For the sake of convenient usage, an extra wrapper (count_multimers) has been implemented. It makes possible counting k-mers of various type using only a single invocation of a function. In this case, a user must provide sequences (rather than single values) that denote k-mer configurations (for more detail see the documentation of count_multimers).

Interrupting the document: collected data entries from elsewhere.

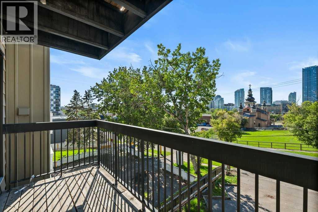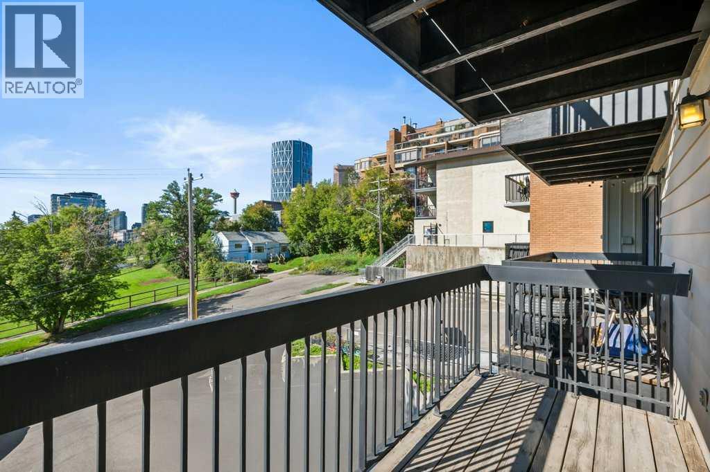 Tremendous views of downtown Calgary from this pet friendly 3rd floor corner unit with assigned stall parking, in-suite laundry, freshly painted interior and wood burning fireplace. Enter into a front hall with the convenience of your own personal laundry set and dual door storage closet with organizers. The tiled 4-peice bath presents counter height storage vanity, new tiled tub surrounds and a low flow toilet. Just off the 4-piece bath is the bedroom with vinyl side window and dual door closet including organizers within. The galley style kitchen was reinvigorated in 2008 with Ikea cabinetry a full set of stainless-steel appliances including a slide in stove, over the range microwave and tiled back-splash. Set just off the kitchen is the nook with access to a massive vinyl sliding patio door leading out to your full-size balcony to take in the panoramic views, enjoy the summer days and nights or just relax and soak in your private outdoor space. Completing this home is the generous size lifestyle room with a focal corner wood burning fireplace. All located in a secure building, self-managed with a healthy reserve fund steps to everything and anything offering the ultimate comfort and convenience of inner city living! (id:51913)
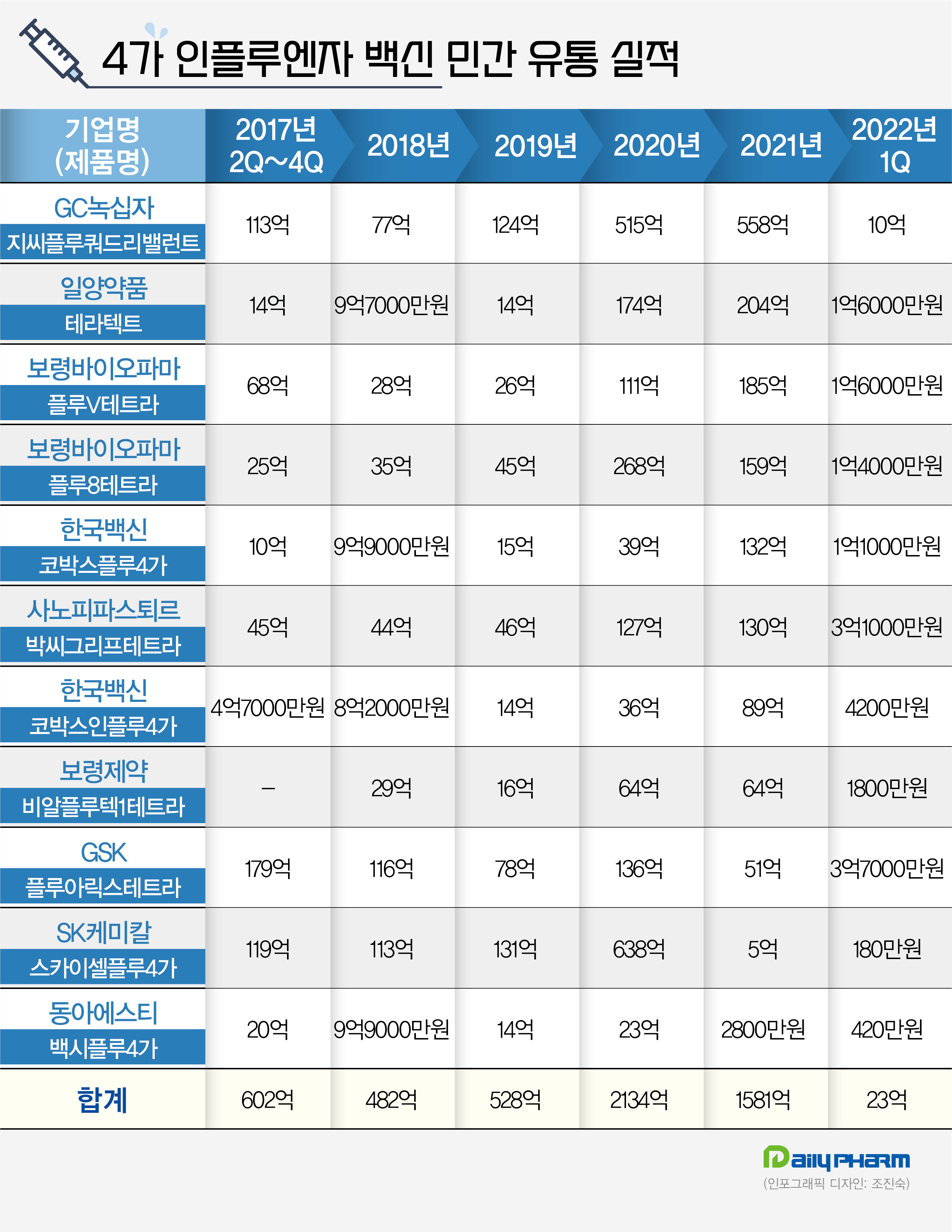 국내 제약사(보령바이오파마 2 품목, 보령제약, GC녹십자, 한국백신 2품목, 일양약품) 7 품목과
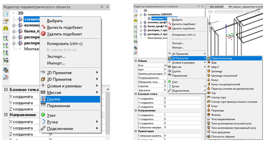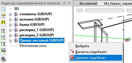 В Редакторе параметрического объекта формируется структура с группами (рис. 9).
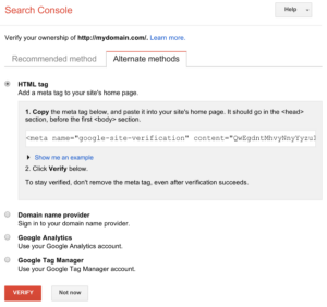 - Go back to the Google Webmaster Tools dashboard, the same place you copied that verification code, and click the red “Verify” button.

count_multimers(c("AAAAAAADFSSAAAA", "AADADADADDAD"),
                k_vector=c(1,2,3,4),
                verbose=TRUE)
#> [1] "Processing sequences for config no.1"
#> Start processing sequences (batch: [1-2])...
#> [1] "Processing sequences for config no.2"
#> Start processing sequences (batch: [1-2])...
#> [1] "Processing sequences for config no.3"
#> Start processing sequences (batch: [1-2])...
#> [1] "Processing sequences for config no.4"
#> Start processing sequences (batch: [1-2])...
#> 2 x 37 sparse Matrix of class "dgCMatrix"
#>    [[ suppressing 37 column names 'S', 'D', 'A' ... ]]
#>                                                                                
#> [1,] 2 1 11 1 1 1 1 9 1 1 . . 1 1 1 1 1 1 7 . . . . 1 5 1 1 1 1 1 1 . . . . . .
#> [2,] . 6  6 . . . . 1 5 . 1 4 . 1 . . . . . 4 3 1 1 . . . . . . . . 1 2 1 1 1 3

Merge (rbind) two k-mer matrices derived from distinct sequences

As rbind function does not work correctly if input matrices does not have equivalent sets of columns, seqR package provides a new function (rbind_columnwise) to satisfy this use case:

mA <- count_kmers(c("AAAAAAADFSSAAAA", "AADADADADDAD"),
                  k=1)
mB <- count_kmers(c("VVVVVAAVA", "ADSDDD", "AAAAAV"),
                  k=1)

rbind_columnwise(mA, mB)
#> 5 x 5 sparse Matrix of class "dgCMatrix"
#>      S D  A F V
#> [1,] 2 1 11 1 .
#> [2,] . 6  6 . .
#> [3,] . .  3 . 6
#> [4,] 1 4  1 . .
#> [5,] . .  5 . 1

Human-readable representation of k-mers

Each column of the result represents a single k-mer that has the following form:

[p_]s₁.s₂....sₖ_g₁.g₂...gₖ₋₁

The first part ([p_]) is an integer that is used only in case of positional k-mers and it indicates the exact (start) position of the k-mer in a sequence. The second part (s₁.s₂....sₖ) represents consecutive elements of the k-mer. Finally, the last part (g₁.g₂...gₖ₋₁) represents the consecutive lengths of gaps. In particular, if contiguous k-mers are considered, all elements of this part is equal to 0 (e.g., 0.0.0 for 4-mers). Importantly, for 1-mers, this part is not present.